▶ _Supplied information_
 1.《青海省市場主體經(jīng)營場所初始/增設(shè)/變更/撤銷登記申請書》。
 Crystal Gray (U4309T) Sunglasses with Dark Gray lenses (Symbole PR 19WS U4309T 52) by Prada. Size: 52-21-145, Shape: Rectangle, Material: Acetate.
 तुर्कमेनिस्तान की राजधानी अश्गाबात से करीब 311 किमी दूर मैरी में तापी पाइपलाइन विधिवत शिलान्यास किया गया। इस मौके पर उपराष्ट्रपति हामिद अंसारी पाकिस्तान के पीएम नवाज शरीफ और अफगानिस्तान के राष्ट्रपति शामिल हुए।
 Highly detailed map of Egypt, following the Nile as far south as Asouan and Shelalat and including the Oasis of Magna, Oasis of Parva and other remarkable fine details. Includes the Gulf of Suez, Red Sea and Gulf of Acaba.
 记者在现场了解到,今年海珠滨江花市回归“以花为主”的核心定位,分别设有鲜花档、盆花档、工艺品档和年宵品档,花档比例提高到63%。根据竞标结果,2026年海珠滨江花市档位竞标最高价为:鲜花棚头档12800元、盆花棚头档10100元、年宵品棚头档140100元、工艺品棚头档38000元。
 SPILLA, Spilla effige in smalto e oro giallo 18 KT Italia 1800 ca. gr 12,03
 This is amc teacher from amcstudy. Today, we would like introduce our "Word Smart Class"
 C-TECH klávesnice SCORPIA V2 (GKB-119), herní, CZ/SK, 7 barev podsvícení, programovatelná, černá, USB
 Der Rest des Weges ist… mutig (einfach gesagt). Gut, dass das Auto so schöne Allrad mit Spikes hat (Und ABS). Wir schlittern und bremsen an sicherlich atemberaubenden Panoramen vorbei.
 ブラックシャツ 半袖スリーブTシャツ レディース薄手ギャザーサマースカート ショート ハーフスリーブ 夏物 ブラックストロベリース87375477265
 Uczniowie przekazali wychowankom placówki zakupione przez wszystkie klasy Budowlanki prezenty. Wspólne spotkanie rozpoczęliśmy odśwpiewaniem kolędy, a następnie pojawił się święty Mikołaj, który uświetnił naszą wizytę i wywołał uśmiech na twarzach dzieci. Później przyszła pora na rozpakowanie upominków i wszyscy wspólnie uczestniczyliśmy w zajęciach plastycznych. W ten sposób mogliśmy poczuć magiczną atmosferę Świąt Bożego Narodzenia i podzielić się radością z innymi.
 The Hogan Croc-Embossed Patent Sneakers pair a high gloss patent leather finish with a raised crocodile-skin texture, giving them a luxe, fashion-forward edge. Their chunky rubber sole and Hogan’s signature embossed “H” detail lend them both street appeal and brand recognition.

▶ _Problem to work on_
Please retype the data exactly as it stands, from its first line down to the line that contains "Crystal Gray (U4309T)", then stop.

▶ _Solution for this task_
 1.《青海省市場主體經(jīng)營場所初始/增設(shè)/變更/撤銷登記申請書》。
 Crystal Gray (U4309T) Sunglasses with Dark Gray lenses (Symbole PR 19WS U4309T 52) by Prada. Size: 52-21-145, Shape: Rectangle, Material: Acetate.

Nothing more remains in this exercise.